Fire-damaged rectory doors at the 173-year-old Shrine of St. Joseph church that were damaged by an arsonist are shown Thursday, Oct. 22, 2015, in St. Louis. AP Photo/Jeff Roberson

Six houses of worship have been set on fire in the last month.

For the second time in six months, black churches are burning.

There have been six fires since October 8, all within a few miles of each other around St. Louis. Five have been at predominantly black churches, while the sixth was at a mixed church. Each fire has been set at the door, and while most have done minimal damage—one pastor called them “amateur hour” arsons—one nearly destroyed a building.

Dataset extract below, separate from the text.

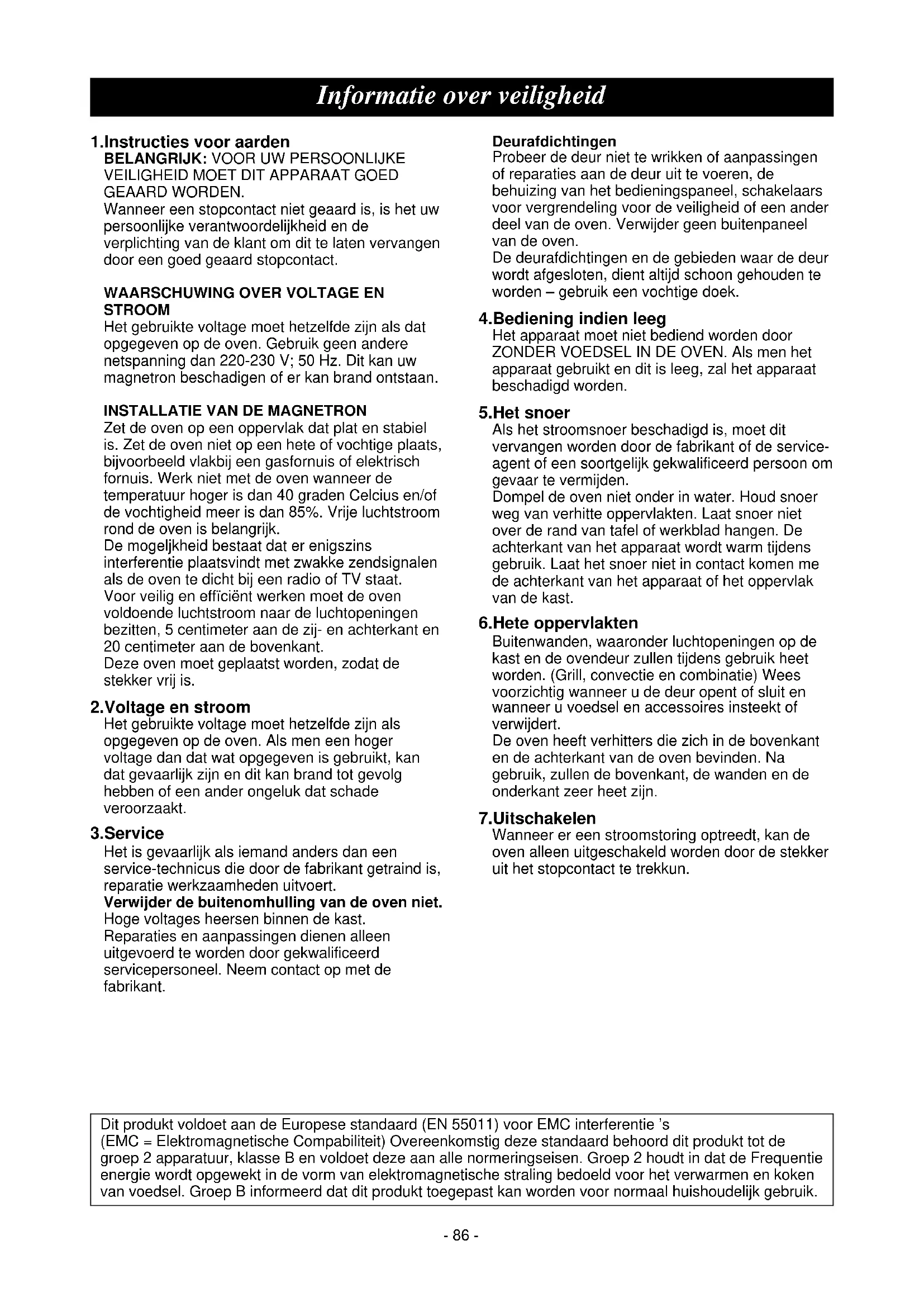 Zet de oven op een oppervlak dat plat en stabiel is. Zet de oven niet op een hete of vochtige plaats, bijvoorbeeld vlakbij een gasfornuis of elektrisch fornuis. Werk niet met de oven wanneer de temperatuur hoger is dan 40 graden Celcius en/of de vochtigheid meer is dan 85%. Vrije luchtstroom rond de oven is belangrijk. De mogeljkheid bestaat dat er enigszins interferentie plaatsvindt met zwakke zendsignalen als de oven te dicht bij een radio of TV staat. Voor veilig en effïciënt werken moet de oven voldoende luchtstroom naar de luchtopeningen bezitten, 5 centimeter aan de zij- en achterkant en 20 centimeter aan de bovenkant. Deze oven moet geplaatst worden, zodat de stekker vrij is. 2.Voltage en stroom Het gebruikte voltage moet hetzelfde zijn als opgegeven op de oven. Als men een hoger voltage dan dat wat opgegeven is gebruikt, kan dat gevaarlijk zijn en dit kan brand tot gevolg hebben of een ander ongeluk dat schade veroorzaakt. 3.Service Het is gevaarlijk als iemand anders dan een service-technicus die door de fabrikant getraind is, reparatie werkzaamheden uitvoert. Verwijder de buitenomhulling van de oven niet. Hoge voltages heersen binnen de kast. Reparaties en aanpassingen dienen alleen uitgevoerd te worden door gekwalificeerd servicepersoneel. Neem contact op met de fabrikant. Deurafdichtingen Probeer de deur niet te wrikken of aanpassingen of reparaties aan de deur uit te voeren, de behuizing van het bedieningspaneel, schakelaars voor vergrendeling voor de veiligheid of een ander deel van de oven. Verwijder geen buitenpaneel van de oven. De deurafdichtingen en de gebieden waar de deur wordt afgesloten, dient altijd schoon gehouden te worden – gebruik een vochtige doek. 4.Bediening indien leeg Het apparaat moet niet bediend worden door ZONDER VOEDSEL IN DE OVEN. Als men het apparaat gebruikt en dit is leeg, zal het apparaat beschadigd worden. 5.Het snoer Als het stroomsnoer beschadigd is, moet dit vervangen worden door de fabrikant of de service- agent of een soortgelijk gekwalificeerd persoon om gevaar te vermijden. Dompel de oven niet onder in water. Houd snoer weg van verhitte oppervlakten. Laat snoer niet over de rand van tafel of werkblad hangen. De achterkant van het apparaat wordt warm tijdens gebruik. Laat het snoer niet in contact komen me de achterkant van het apparaat of het oppervlak van de kast. 6.Hete oppervlakten Buitenwanden, waaronder luchtopeningen op de kast en de ovendeur zullen tijdens gebruik heet worden. (Grill, convectie en combinatie) Wees voorzichtig wanneer u de deur opent of sluit en wanneer u voedsel en accessoires insteekt of verwijdert. De oven heeft verhitters die zich in de bovenkant en de achterkant van de oven bevinden. Na gebruik, zullen de bovenkant, de wanden en de onderkant zeer heet zijn. 7.Uitschakelen Wanneer er een stroomstoring optreedt, kan de oven alleen uitgeschakeld worden door de stekker uit het stopcontact te trekkun. Dit produkt voldoet aan de Europese standaard (EN 55011) voor EMC interferentie ’s (EMC = Elektromagnetische Compabiliteit) Overeenkomstig deze standaard behoord dit produkt tot de groep 2 apparatuur, klasse B en voldoet deze aan alle normeringseisen. Groep 2 houdt in dat de Frequentie energie wordt opgewekt in de vorm van elektromagnetische straling bedoeld voor het verwarmen en koken van voedsel. Groep B informeerd dat dit produkt toegepast kan worden voor normaal huishoudelijk gebruik. Informatie over veiligheid- 87 - Nederlands Wanneer u voor de eerste keer de oven uitpakt Plaatsing van oven 1.Luchtopeningen Deze oven heeft voldoende ventilatie nodig aan de achterkant om maximale koelefficiency te bereiken.

The situation is not unlike the arsons that followed the massacre at Emanuel A.M.E. Church in Charleston this summer. As The Atlantic pointed out at the time, there’s a long history of terrorism against black churches in America, one that begins in the era of slavery and continues up through Reconstruction, the civil-rights era, and into the 1990s. But unlike those burnings—and despite the intense focus on the St. Louis area since the August 2014 death of Michael Brown in Ferguson—the recent arsons have been slow to get the same attention, either in the national media or even in the area.

If a series of attacks on churches is terrorizing, support from within the community and the nation is one comfort. Facing the attacks mostly alone seems to grate on some of the churches.

“People should be standing up and saying, ‘Hey I’m with you,’” the Revered Rodrick Burton, the pastor of one targeted church, told The Washington Post. “I’ve been surprised at the apathetic response. To me, it’s very telling, very disappointing.”

Burnings of black churches has often been a tactic for white supremacist groups. In 1995 and 1996, dozens of churches burned in the South. A special Justice Department task force eventually obtained hundreds of convictions, including Ku Klux Klan members who burned South Carolina churches. But as Emma Green pointed out in June, there are a stunning number of intentional fires at houses of worship each year—around 280 annually between 2007 and 2011—and the motives are sometimes hard to prove. Many are a result of racial animus. Some are simply set by firebugs. In some occasions, what looks initially like arson turns out to be accident. In July, during the summer arson spree, Mount Zion A.M.E. in Greeleyville, South Carolina, which had been burned in the 1990s arsons, again caught fire and was destroyed. But law-enforcement officials later determined that the Mount Zion’s fire wasn’t a crime.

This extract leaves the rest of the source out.